Redacción EL ARGENTINO
El transporte escolar rural en Entre Ríos atraviesa una situación crítica que sus propios prestadores califican de terminal. Este martes, representantes de la Asociación de Transportes Escolares de Entre Ríos (Atera) se reunieron con autoridades del Instituto Becario para plantear la insuficiencia de la última actualización tarifaria y exigir una respuesta política que contemple el incremento real de los costos operativos.
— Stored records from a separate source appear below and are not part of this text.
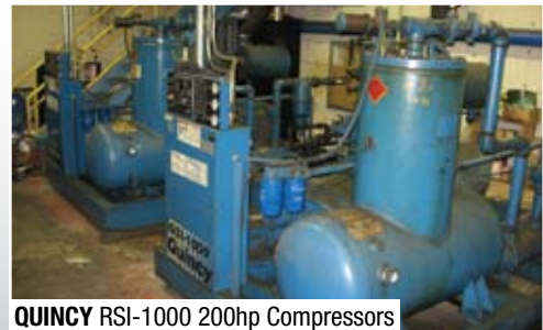
QUINCY RSI-1000 200hp Compressors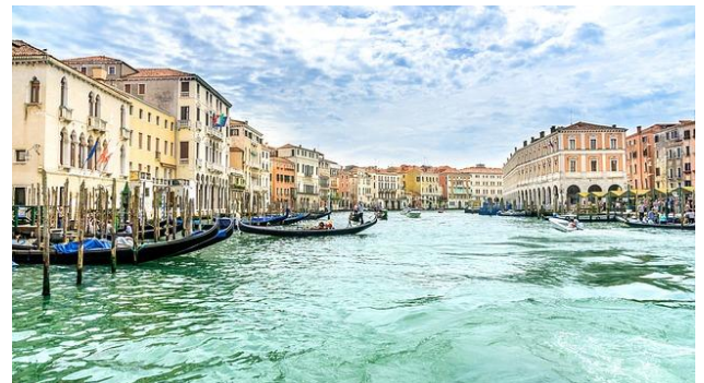
1 programme-day in Venice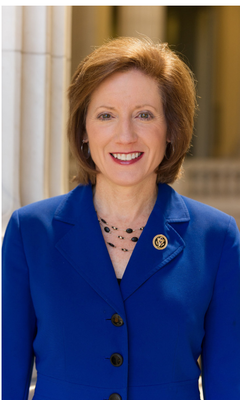
Missouri 4th Congressional District Representative Vicky Hartzler

The nation is indebted to each and every one of you. I have the opportunity to tell the Whiteman story to many people. It gives me great pride to describe how the Active Duty and Guard components come together to fulfill the wide spectrum of missions for the B-2. From taking the fight to ISIS to standing guard with our nation's arsenal, I could not be more proud. Likewise, the 442d's Active and Reserve components are second to none when it comes to employing the A-10 Thunderbolt II. Their fight against violent extremism in the Middle East remains central to our security at home, and I am eternally grateful. I am equally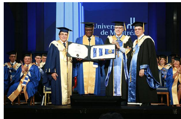
Awarding of an honorary doctorate to Dr Mukwege by the University of Montreal.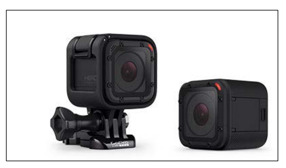
Figure 17. GoPro Hero4 Session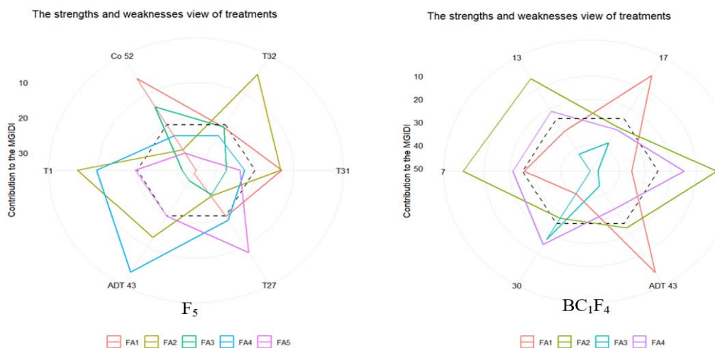
Fig. 3. Visualization of Strengths and Weaknesses of the selected genotypes in stabilized F 5 and BC 1 F 4 families.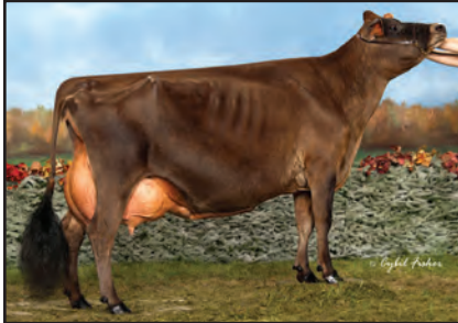
ARETHUSA PRIMETIME DEJA VU-ET Sister to the Dam of Lot 11 & 12

WINNER 2015 GREAT COW CONTEST 2004 NATIONAL GRAND CHAMPION SUPREME CHAMPION, 2006 WDE & PA ALL-AMERICAN GRAND CHAMPION, 2004, 2005 & 2006 CENTRAL NATIONAL INTERMEDIATE AND RESERVE GRAND CHAMPION, 2002 CENTRAL NATIONAL, ALL AMERICAN & RAWF RESERVE GRAND CHAMPION, 2007 CENTRAL NATIONAL SHOW RESERVE ALL-AMERICAN AGED COW, 2011 ALLBREEDS ACCESS SIRE: SOONER CENTURION-ET GJPI -68 3%ILE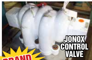
JONOX CONTROL VALVE

VOITH SULZER KAMYR ANDRITZ GOULDS WORTHINGTON SIEMENS PROCHEM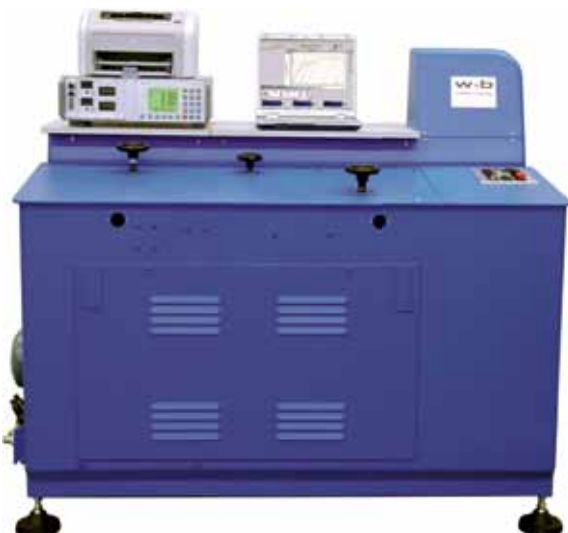
Amsler BP 717 mod. w+b

Tras el encuentro, los dirigentes expresaron su malestar ante la propuesta oficial de una readecuación del 3,7% basada en el IPC, cifra que consideran alejada de la realidad marcada por el aumento de combustibles y el mantenimiento de los vehículos. Las autoridades provinciales solicitaron un nuevo plazo hasta el próximo martes para evaluar las planillas de costos y elevar un informe al Ministerio de Economía.
“Perdimos la capacidad de renta”
El presidente de Atera, Marcelo Zorzi, explicó que el conflicto no es nuevo, sino que arrastra un deterioro sostenido desde 2019. “Venimos con una problemática muy grave en el transporte escolar rural. Ya casi perdimos la capacidad de una renta normal para sostener el servicio”, señaló. Según Zorzi, el sector siempre quedó rezagado respecto de los indicadores oficiales: “Si la inflación era un 10%, te daban un 6; si era un 2, te daban un 0.8”.
Por su parte, el tesorero de la asociación, Carlos Panizza, fue contundente respecto al impacto del último mes: “Estamos en una crisis cada vez más grande, el aumento que sufrimos estos 30 días por el combustible nos está llevando a una lenta agonía. El sector cada vez está más afectado”.
Los transportistas detallaron que la estructura de costos se encuentra asfixiada por la carga tributaria y los insumos básicos: “Aproximadamente el 30% es impuesto, un 15 a un 18% es combustible. Después de ahí tenemos que sacar para el resto. La amortización de las unidades ya no existe, no podemos cambiarlas”.
Ante la imposibilidad de renovar la flota por falta de rentabilidad, desde Atera adelantaron que solicitarán formalmente a la Secretaría de Transporte una excepción de dos años para la vigencia de las unidades próximas a vencerse. “Estamos en un rincón del que no podemos salir. Si no hay solución, los chicos van a sufrir las consecuencias porque no vamos a poder continuar brindando el servicio”, advirtieron.